Gaspé Peninsula, Quebec

Executive summary by darmansjah

The 11,714-square-mile (30,340-square-kilometer) Gaspé (Gaspésie) Peninsula is Quebec’s wind-and-sea-sculpted continuation of the Appalachian range. Divided into five natural areas—the Coast, Land's End, the Bay of Chaleur, the Valley, and the Upper Gaspé—the peninsula contains six wildlife sanctuaries, 25 of Quebec’s highest peaks, and four national parks. Remote Bonaventure Island and Percé Rock National Park are the summer nesting home of 250,000 birds and site of legendary Rocher-Percé, the haunting limestone arch rising from the Gulf of St. Lawrence.

Summer (June-September) activities include kayaking, canyoning, hiking, sailing, and horseback riding.
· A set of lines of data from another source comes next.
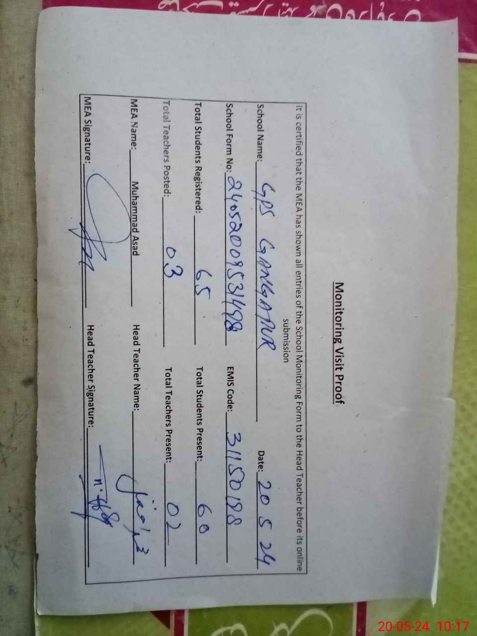 | Attendance Register | Head Teacher | MEA with School | Visit Proof |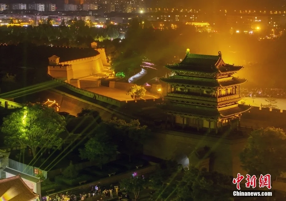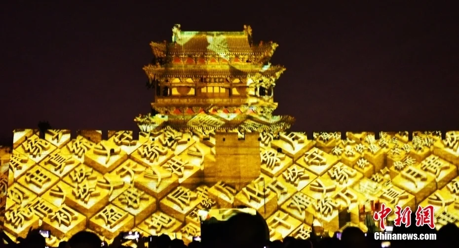 平遥古城迎熏门灯光秀表演。图/视觉中国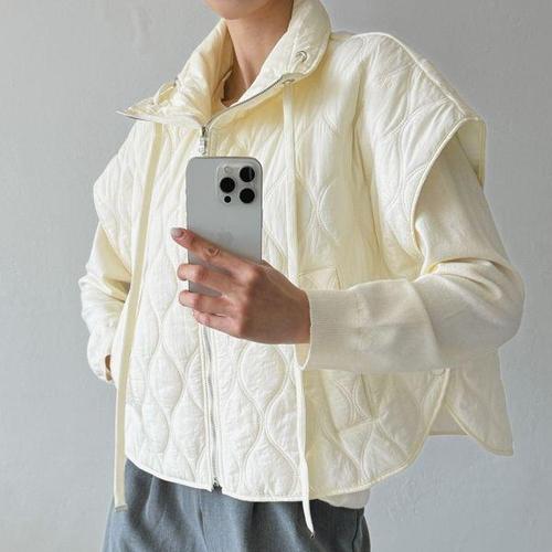 [옷자락] 여자 하이넥 언발 박시핏 크롭 물결 퀼팅 패딩 조끼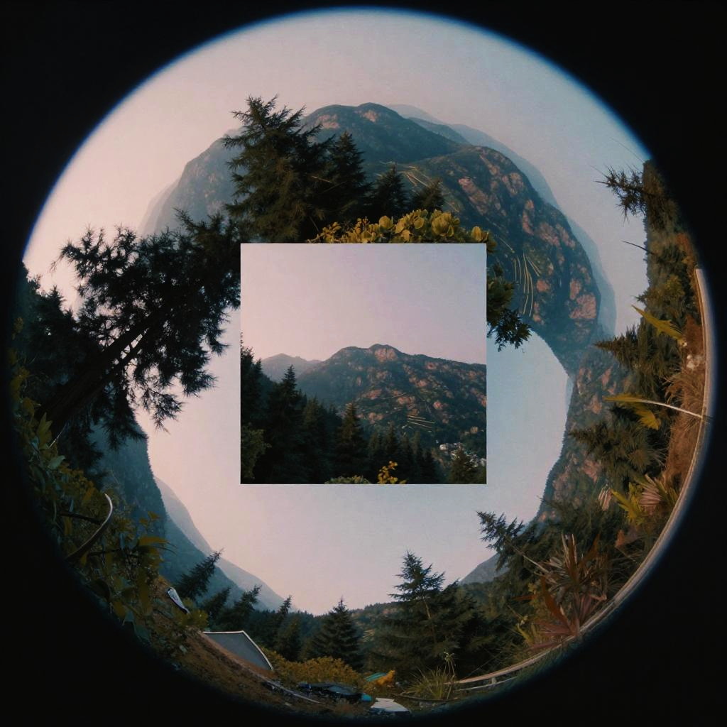 Fisheye lens album covers featuring urban cityscapes warped through distortion, neon lights glowing under a night sky, reflections and refractions creating kaleidoscopic effects, energetic and electric visual vibe with a touch of cyberpunk aesthetics.
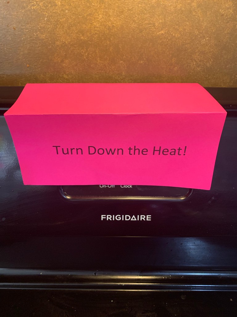 I came up with a very simple solution to prevent this from happening so much… nothing is perfect and everyone forgets. I made a sign with a plain piece of paper that just folds over the clock on the stove so that they have to move it in order to set the oven… sometimes it’s the simplest idea that can make the biggest difference!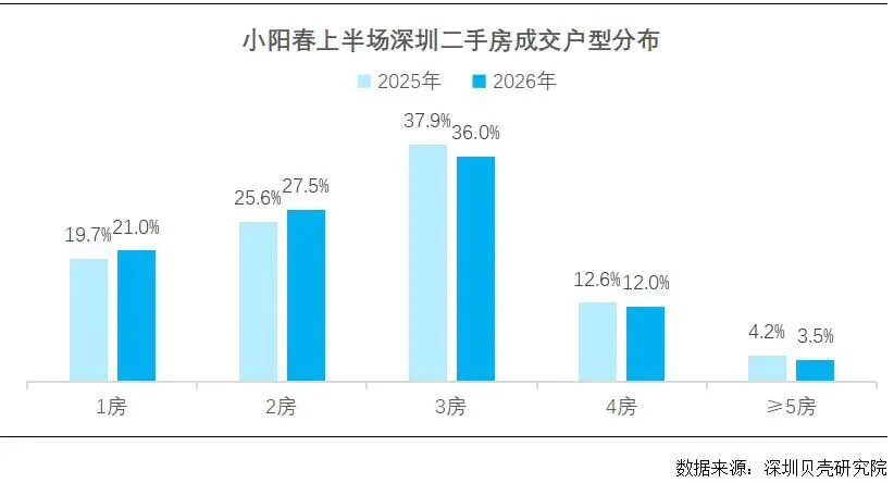 深圳贝壳研究院获悉,2026年楼市小阳春如期而至,且表现明显好于去年同期。春节假期复工后的22天里,贝壳深圳合作门店二手房签约量较去年同期增长19%,创近五年同期新高。具体来看,成交户型方面,一房、两房的小户型较去年更受市场青睐,成交占比上升,成为本轮成交量回升的重要支撑。据统计,今年两房成交占比为27.5%,同比扩大1.9%;一房成交占比为21%,同比扩大1.3%。此外,优质学区房及中大户型房源自本周起成交明显增多,预计将成为本轮小阳春下半场的成交主力。深圳最新按揭贷款利率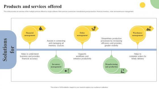 This slide provides an overview of the multiple services offered by single software. Main services covered are manufacturing and production, financial, inventory, order and warehouse management. Formulating a presentation can take up a lot of effort and time, so the content and message should always be the primary focus. The visuals of the PowerPoint can enhance the presenters message, so our Products Services Cloud Based ERP Software Investor Financing Elevator Pitch Deck Template Pdf was created to help save time. Instead of worrying about the design, the presenter can concentrate on the message while our designers work on creating the ideal templates for whatever situation is needed. Slidegeeks has experts for everything from amazing designs to valuable content, we have put everything into Products Services Cloud Based ERP Software Investor Financing Elevator Pitch Deck Template Pdf This slide provides an overview of the multiple services offered by single software. Main services covered are manufacturing and production, financial, inventory, order and warehouse management.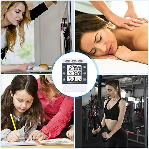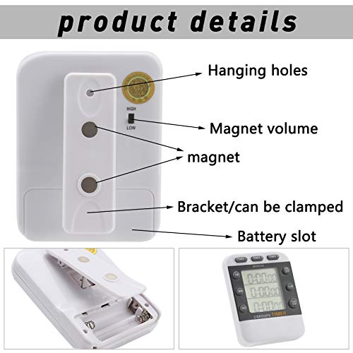 [Ampia applicazione]: sarà un buon amico per il vostro studio, un buon assistente per cucinare e un buon partner per il fitness. Il timer digitale a 3 scomparti è perfetto per cucinare, grigliare, cuocere, alzarsi, allenarsi in palestra, sport, compiti, esami, attività per bambini e riunioni.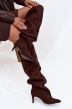 Mavilla aulinukai yra pasiūlymas moterims, kurios vertina eleganciją ir klasiką šiuolaikiškame leidinyje. Pagaminti iš minkšto eko zomšos, šilto šokolado atspalvio, jie atrodo nepaprastai stilingai ir moteriškai. Aukštas aulas, siekiantis kelius, gražiai prailgina kojas, o plona batų linija subtiliai pabrėžia figūrą. Tai modelis, puikiai derinantis madingą išvaizdą su naudojimo patogumu.
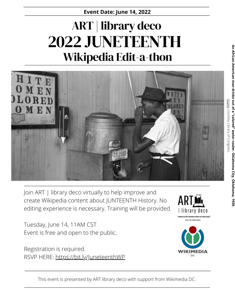 Join ART | library deco for our second Wikipedia Edit-a-thon! We will explore and update articles about JUNETEENTH. If you are new to editing articles using Wikipedia, want the experience, and have the time to learn a new skill attend this event in celebration of the holiday. *Free event and sitting is limited.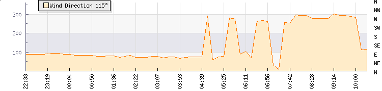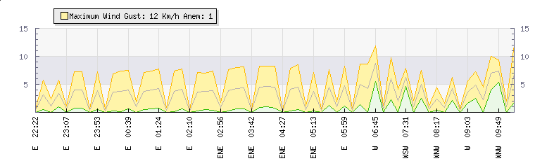 In the last few minutes the wind was Westerly at an average speed of 1 kmh, reaching up to 2 kmh and a low of 0 kmh. The gust strength is2 kmh above the minimum speed |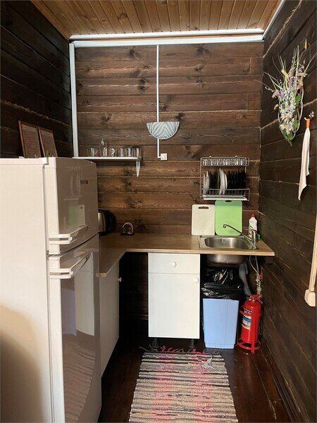 В коттедже есть общий холл и мини-кухня, оборудованная холодильником, микроволновой печью, электрическим чайником, посудой.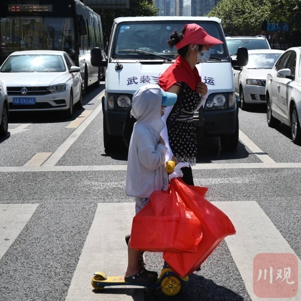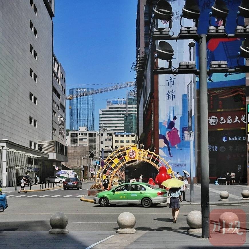7月29日,成都发布高温橙色预警,以往熙熙攘攘的街头在烈日下清静了许多。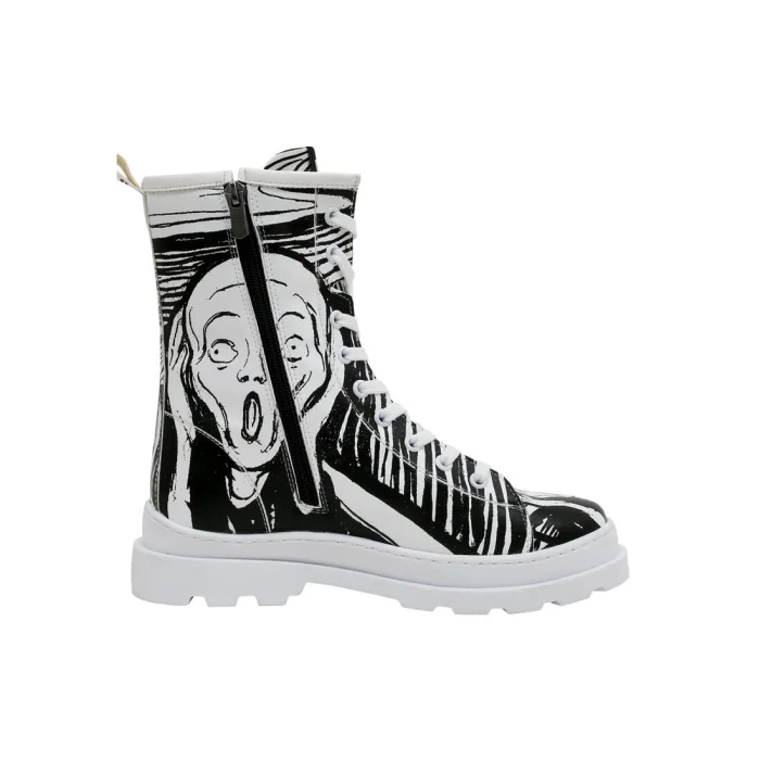 Ürün: Kadın Vegan Deri Fermuarlı Uzun Bot - Edvard Munch The Scream Muse Tasarım - Il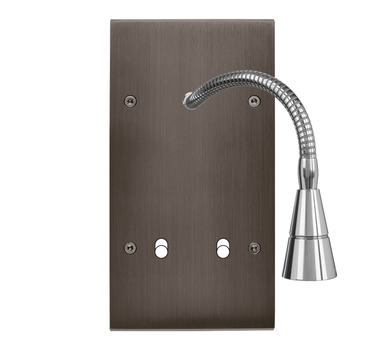 Faceplate, Confidence, Double vertical, Gun barrel, Thin flexible reading light 30cm, Switch x2, Screw on, L8cm, H15,1cm - Modelec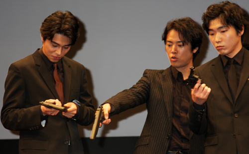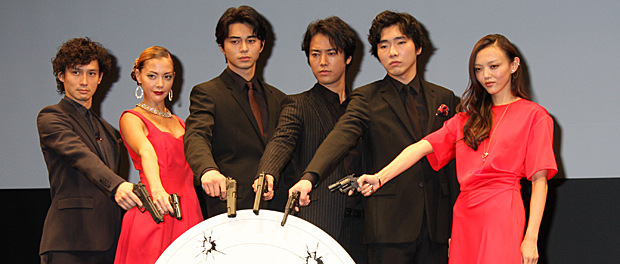 大越組若頭・久松(鶴見辰吾)の息子・勇人(東出)、組長・大越(永島敏行)の息子・大輔(桐谷)を中心に、五誠会に恨みをもつ者たちが出会い、壮絶なバイオレンスが展開する今作。撮影は2014年6月の30日間のみ。濃密な時間を過ごした役者たちは、この日は楽屋トークのようなリラックスムードが終始漂い、ぶっちゃけトーク、噂の検証など自由度の高いものになった。また、シリーズの第1弾『GONIN』当時(19年前)を各自が振り返るお題が提示された。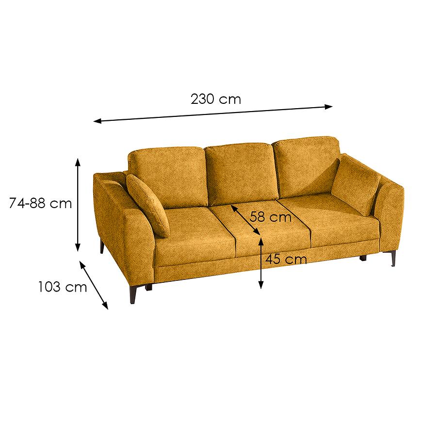 Kanapa Marino w odcieniu musztardowym to wyjątkowy mebel, który nie tylko przyciąga uwagę swoim kolorystycznym urokiem, ale także łączy w sobie nowoczesny design z praktycznymi funkcjonalnościami.

Winter on the Gaspé brings every imaginable cold weather adventure from downhill skiing and snowmobiling to ice climbing and dog sledding. Drive the 550-mile (885-kilometer) Grand Tour loop (north or south at the Route 132 split in Sainte-Flavie) for a coastal overview of the peninsula, or choose one of Gaspésie Tourism’scustom routes focused on specialty interests like gardens, lighthouses, or paleontology.